■ Input for this task

★ ★ ★ ★ ★

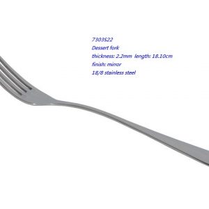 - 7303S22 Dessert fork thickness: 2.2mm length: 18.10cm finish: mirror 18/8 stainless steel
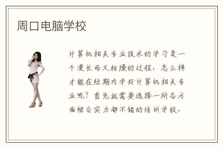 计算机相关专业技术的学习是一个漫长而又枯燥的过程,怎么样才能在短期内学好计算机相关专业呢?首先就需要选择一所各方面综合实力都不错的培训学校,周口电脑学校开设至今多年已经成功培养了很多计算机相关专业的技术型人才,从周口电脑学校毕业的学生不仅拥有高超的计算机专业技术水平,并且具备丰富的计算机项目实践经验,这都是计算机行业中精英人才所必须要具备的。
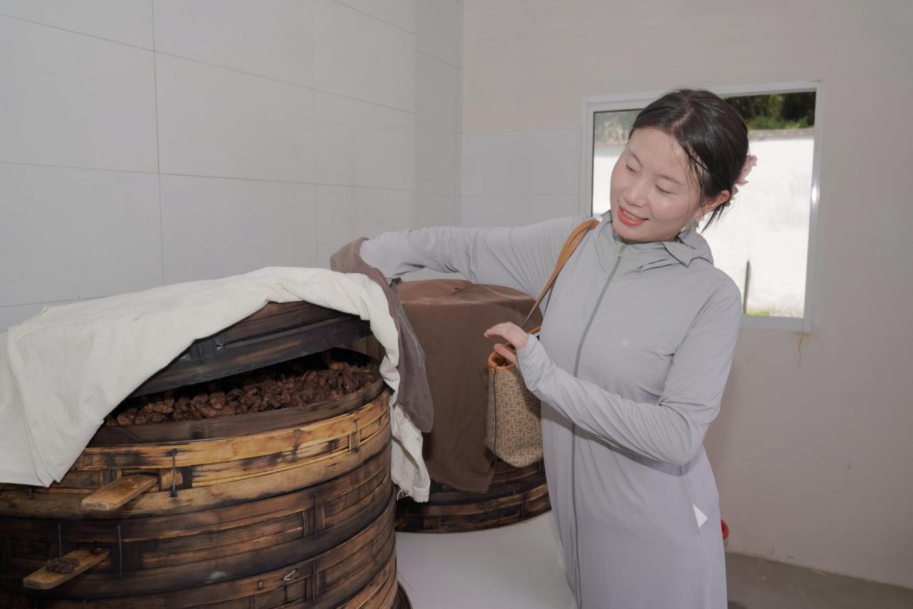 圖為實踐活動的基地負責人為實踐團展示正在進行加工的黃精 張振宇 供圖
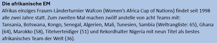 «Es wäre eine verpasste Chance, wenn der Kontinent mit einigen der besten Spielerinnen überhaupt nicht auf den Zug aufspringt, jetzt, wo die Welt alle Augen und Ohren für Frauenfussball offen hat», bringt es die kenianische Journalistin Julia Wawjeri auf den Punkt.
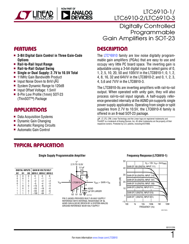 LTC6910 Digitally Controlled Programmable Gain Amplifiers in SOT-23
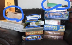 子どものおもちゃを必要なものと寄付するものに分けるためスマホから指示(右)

★ ★ ★ ★ ★

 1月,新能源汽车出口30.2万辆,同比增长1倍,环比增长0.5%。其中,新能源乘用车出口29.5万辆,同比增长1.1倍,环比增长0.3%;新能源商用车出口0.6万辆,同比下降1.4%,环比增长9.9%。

★ ★ ★ ★ ★

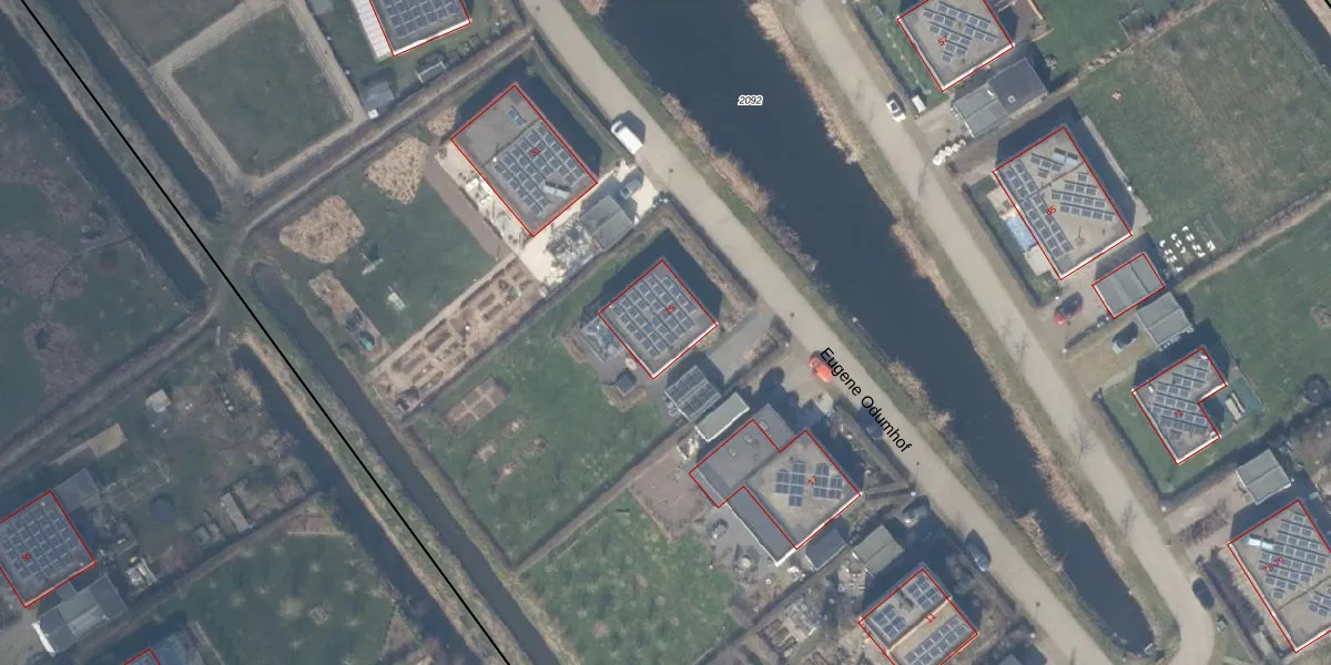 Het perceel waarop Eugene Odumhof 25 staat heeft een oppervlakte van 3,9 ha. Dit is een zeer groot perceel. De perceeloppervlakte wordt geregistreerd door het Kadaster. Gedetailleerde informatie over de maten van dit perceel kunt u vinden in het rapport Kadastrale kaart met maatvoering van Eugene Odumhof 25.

★ ★ ★ ★ ★

■ How to complete this task
Copy needed, without pictures: the lines of the listing above from the line containing "- 7303S22 Dessert" up to and including the line containing "auf den Punkt.", set down exactly.

■ Response area
 - 7303S22 Dessert fork thickness: 2.2mm length: 18.10cm finish: mirror 18/8 stainless steel
 计算机相关专业技术的学习是一个漫长而又枯燥的过程,怎么样才能在短期内学好计算机相关专业呢?首先就需要选择一所各方面综合实力都不错的培训学校,周口电脑学校开设至今多年已经成功培养了很多计算机相关专业的技术型人才,从周口电脑学校毕业的学生不仅拥有高超的计算机专业技术水平,并且具备丰富的计算机项目实践经验,这都是计算机行业中精英人才所必须要具备的。
 圖為實踐活動的基地負責人為實踐團展示正在進行加工的黃精 張振宇 供圖
 «Es wäre eine verpasste Chance, wenn der Kontinent mit einigen der besten Spielerinnen überhaupt nicht auf den Zug aufspringt, jetzt, wo die Welt alle Augen und Ohren für Frauenfussball offen hat», bringt es die kenianische Journalistin Julia Wawjeri auf den Punkt.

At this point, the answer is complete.